Да-да – я вспомнил, – вот этот прилизанный Нехорошев и был одним из тех новоявленных соседей по столику. И – вот именно! – я даже запомнил его водянистый, но упорный взгляд на меня, когда я взахлёб и пьяно жаловался новому своему ресторанному приятелю, как тяжело мне в этом рутинном псевдоколлективе псевдожурналистов, и какая всё же препаршивая и суконная газетёнка – этот «Комсомольский вымпел»…

В пьяном виде я, чего уж скрывать, бываю препорядочным поросёнком!

– Это вы были – в «Центральном»? – отрывисто спросил я, глянув на него в упор.

– Я? – изобразил он удивление, но тут же скорчил личико в усмешливую гримасу. – Запомнили, значит? Узнали? А я уж думал… Вы, простите, были… Хе-хе! Я за вами наблюдал – пьянеете вы быстро…

– А вы, собственно, кто? – натопорщился я, никак не улавливая смысла в его нагловато-хозяйском тоне.

– Я?.. А разве я не сказал? – он похабно разыграл искреннее недоумение. – Видите ли, Вадим Николаевич, я – из органов. Я курирую, так сказать, Дом печати – вот и решил с вами поближе познакомиться. Что ж тут странного?

– Странно то, что я с вами знакомиться не хочу – вот так!
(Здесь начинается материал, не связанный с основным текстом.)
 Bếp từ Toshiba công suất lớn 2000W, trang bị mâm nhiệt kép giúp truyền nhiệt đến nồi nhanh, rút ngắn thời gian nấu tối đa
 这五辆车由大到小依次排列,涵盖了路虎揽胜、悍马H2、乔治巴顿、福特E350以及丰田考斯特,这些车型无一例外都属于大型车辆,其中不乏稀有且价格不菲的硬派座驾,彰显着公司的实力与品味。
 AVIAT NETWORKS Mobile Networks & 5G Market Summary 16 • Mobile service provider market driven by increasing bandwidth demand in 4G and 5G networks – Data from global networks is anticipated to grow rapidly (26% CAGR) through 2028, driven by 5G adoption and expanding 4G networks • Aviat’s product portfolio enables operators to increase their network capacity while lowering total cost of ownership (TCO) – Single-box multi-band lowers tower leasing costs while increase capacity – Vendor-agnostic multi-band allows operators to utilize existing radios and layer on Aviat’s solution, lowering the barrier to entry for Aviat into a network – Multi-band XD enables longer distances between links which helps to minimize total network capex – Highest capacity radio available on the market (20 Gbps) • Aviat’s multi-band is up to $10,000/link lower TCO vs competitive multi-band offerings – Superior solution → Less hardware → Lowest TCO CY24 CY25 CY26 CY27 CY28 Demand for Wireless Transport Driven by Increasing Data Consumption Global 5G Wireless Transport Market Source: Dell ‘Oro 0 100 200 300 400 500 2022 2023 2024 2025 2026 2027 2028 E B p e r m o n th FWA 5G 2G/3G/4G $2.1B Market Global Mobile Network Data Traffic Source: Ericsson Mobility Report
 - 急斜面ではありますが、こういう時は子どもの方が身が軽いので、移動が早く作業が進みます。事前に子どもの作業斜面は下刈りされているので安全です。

О, тогда мною уже был прочитан самиздатовский оглушающий «Архипелаг ГУЛАГ», ненависть Александра Исаевича к этим людям уже органично влилась в мою кровь. И вот впервые образчик этого удушающего лубянского племени сидел передо мной вплотную, со мной общался, искал контакт.

Я ожидал, что после слов моих он оскорбится и хлопнет дверью. Не тут-то было.
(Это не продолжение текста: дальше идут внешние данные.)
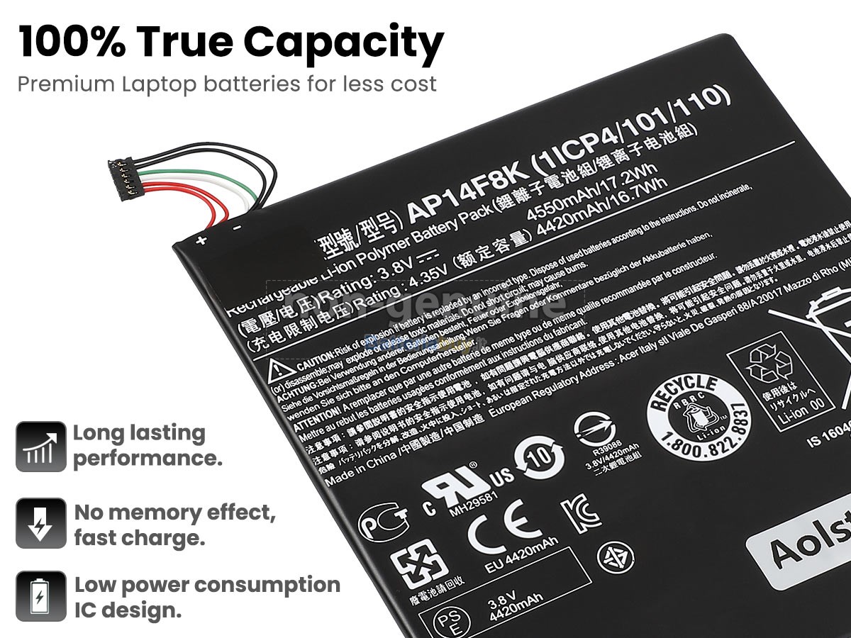 Questa nuova batteria sostitutiva Acer Predator 8 GT-810 ha celle di grado A+ integrate e un chip di controllo intelligente TI di alta qualità, che non solo ha buone prestazioni e una ricarica rapida, ma ha anche una lunga durata della batteria. Inoltre, la batteria Acer Predator 8 GT-810 è progettata secondo la batteria originale, utilizzando materiali di protezione ambientale in lega ABS + PC resistenti all'usura e alle alte temperature, che possono essere compatibili al 100% con il tuo Acer e adattarsi perfettamente.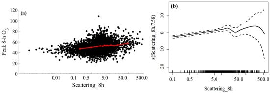 (a) Observed peak 8 h O3 (ppb) versus observed 8 h average aerosol scattering (Mm−1) at MBO from 2006–2020. The black dots show the individual data points, and the connected red squares show the median peak 8 h O3 concentration, binned by 8 h average aerosol scattering. The red squares are centered on the median 8 h average aerosol scattering value and the median peak 8 h O3 concentration for each bin. (b) Partial response plot showing the effect of 8 h average aerosol scattering (Mm−1) on model-predicted peak 8 h O3 at MBO from 2006–2020. The tick marks on the x-axis denote the density of observed 8 h average aerosol scattering values. The spline smoothing function for 8 h average aerosol scattering is on the y-axis, with the label including its degrees of freedom (7.58). The solid line shows the smooth curve, and the dashed lines indicate 2 standard error bounds. Note that the x-axes for panels (a) and (b) are plotted on a logarithmic scale.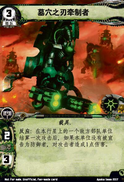 反应:在本行星上一个敌方部队单位结算一次攻击后,如果本单位没有被宣告为防御者,对攻击者造成1点伤害。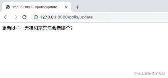 完成以上代码配置,我们就可以通过访问 URL http://127.0.0.1:8080/polls/update 实现第一条数据的更新操作,请求后返回页面如下: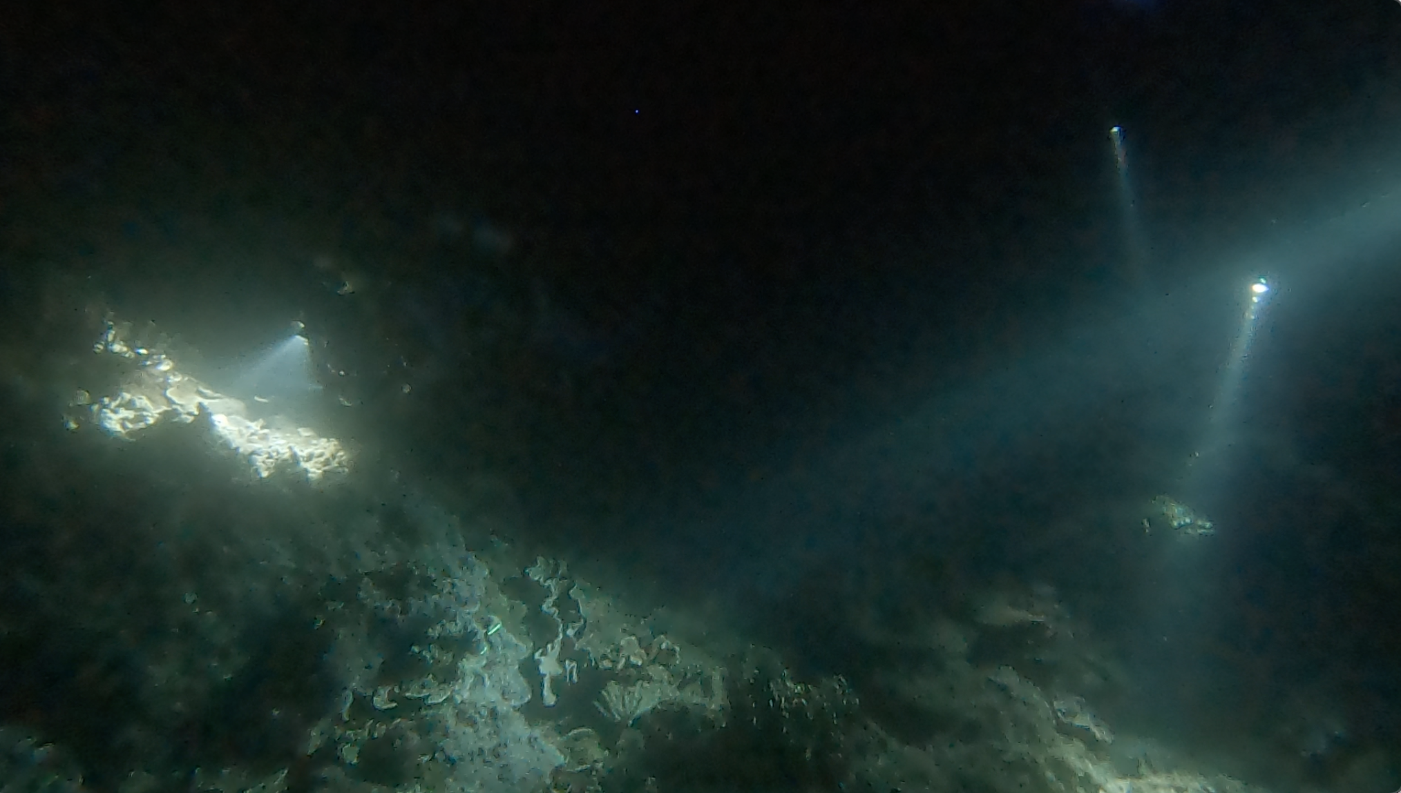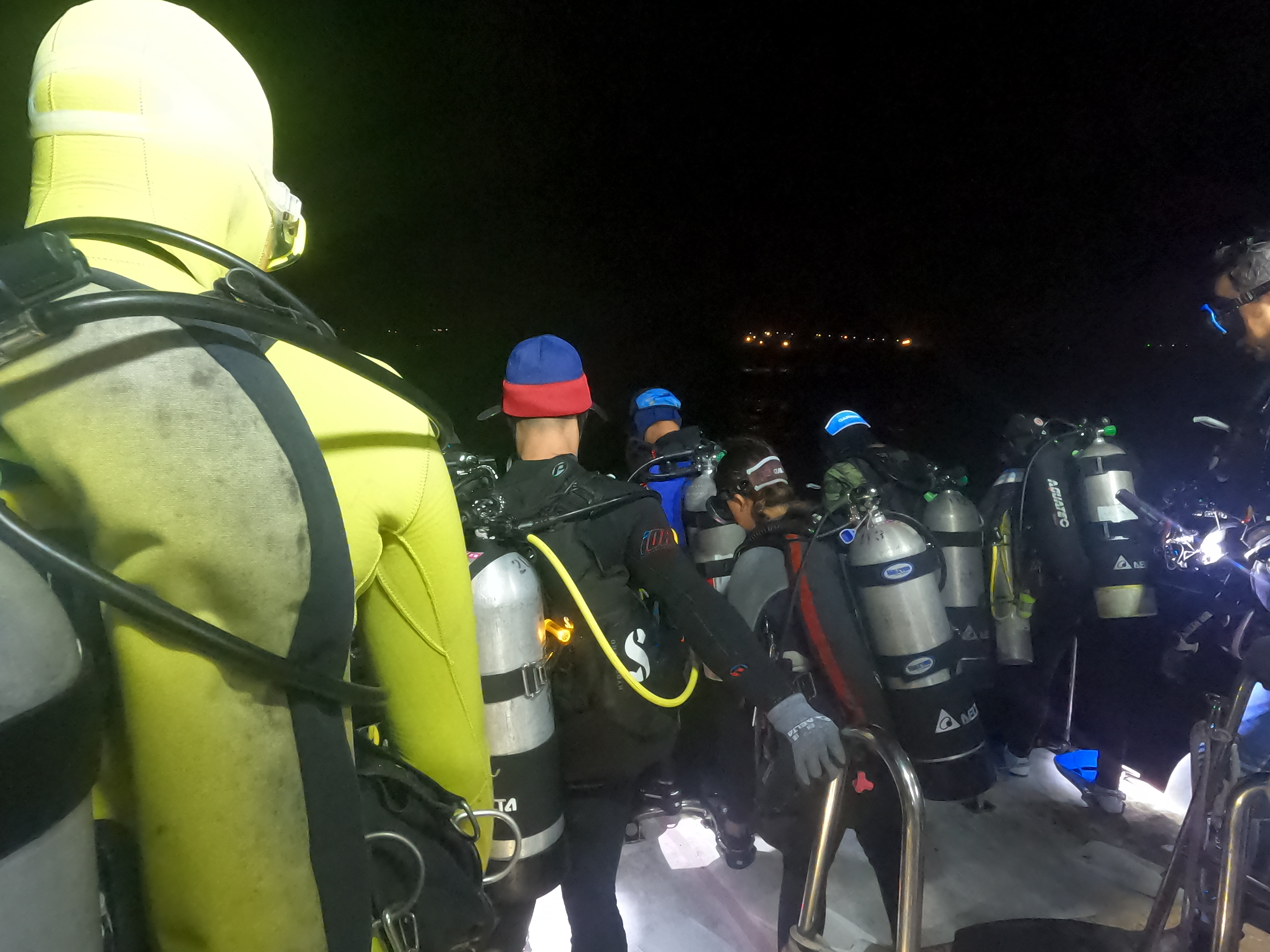 工作人員拿著手電筒、背上氣瓶,潛入漆黑的大海中,仔細尋找準備產卵的珊瑚。攝影/孫文臨

– Вы не кипятитесь, Вадим Николаевич, – доверительно наклонился он ко мне. – Видите ли, журналистика – это не просто профессия, это, так сказать, почётная профессия, в которой не каждый достоин работать. Притом – в отделе пропаганды. А вы, к тому ж, не член партии и, как мне известно, даже заявляли громогласно: мол, и не собираетесь вступать, что, якобы, в неё только фарисеи вступают да карьеристы. И уж совсем нехорошо, что вы позволяете себе странные, прямо скажем – очень странные выражения в связи с кончиной Леонида Ильича Брежнева… Очень странные!

Я молчал, оглушённый. Нехорошев усмотрел, видно, в моём молчании благоприятный для себя знак.

– Ну, вот и ладненько. Я думаю, это у вас не от убеждений, а от экспрессивности характера. Так ведь? Так? Ну и винцо свою роль играет, винцо-то – ух какой сильный и коварный враг… Язык не то и сболтнёт! Подумайте над этим. Пока я с вами прощаюсь, но вскоре ещё загляну. До свидания, Вадим Николаевич.

Он привстал, приладил на голову шапку, начал застёгивать пальто.

– Не надо, – сказал я осипшим голосом, глухо.

– Что? Что вы сказали? – обернулся он от двери.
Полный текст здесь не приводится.